→ **Collected data**
......

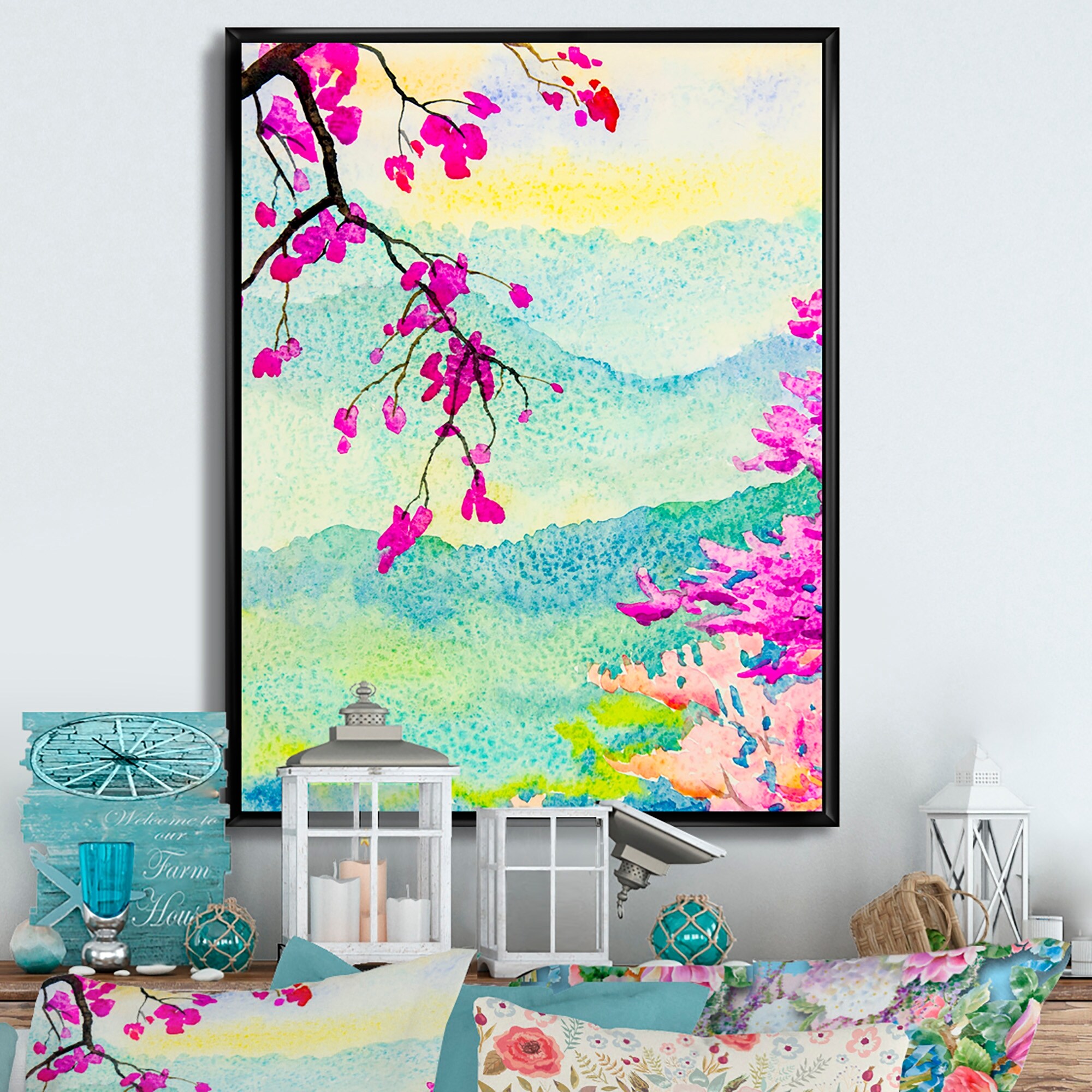 Designart "Colorfull Blooming Asian Pink Tree II" Traditional Framed Canvas Wall Decor
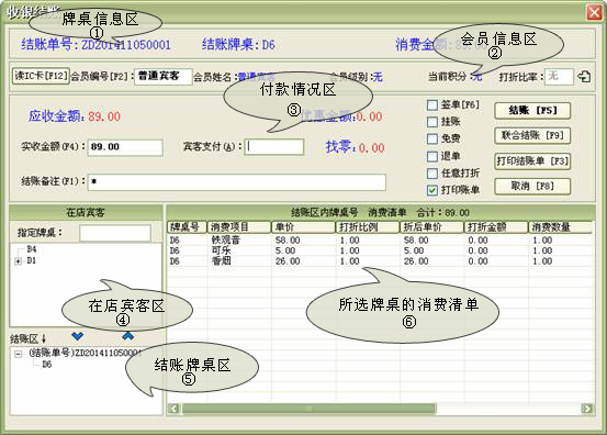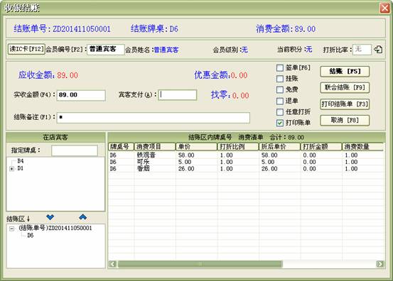 收銀結賬→賓客結帳:終結客戶當前的消費活動,并進行收款及自動還原房間項目(牌桌)的占用狀態為可供狀態。
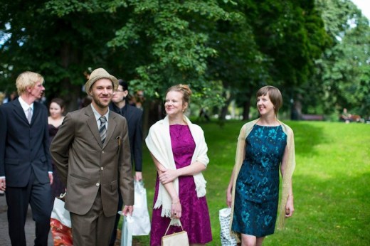 Inte ofta jag får tillfälle att visa upp mig i finkostymen, men så fick jag veta att jag figurerar med min uttjatade nuna någonstans, på en bröllopsbild från i somras, flankerad av min sambo, svägerska och svåger. Och vem vore jag om jag undanhöll läsekretsen den? Bakom ryggen försöker jag medveten om den dokumentation som äger rum nödtorftigt dölja den opassande papperskasse vari bröllopsgåvan (fågel-holken) frambars. Vad jag har i fickan vet jag inte, kanske mobiltelefonen? Utom-ordentligt trevligt och nöjsamt var det i alla fall.

......

→ **What is being asked**
Word for word, restate the lines above from the first through the one that contains "收銀結賬→賓客結帳:終結客戶", and exclude all pictures.

→ **Task response**
 Designart "Colorfull Blooming Asian Pink Tree II" Traditional Framed Canvas Wall Decor
 收銀結賬→賓客結帳:終結客戶當前的消費活動,并進行收款及自動還原房間項目(牌桌)的占用狀態為可供狀態。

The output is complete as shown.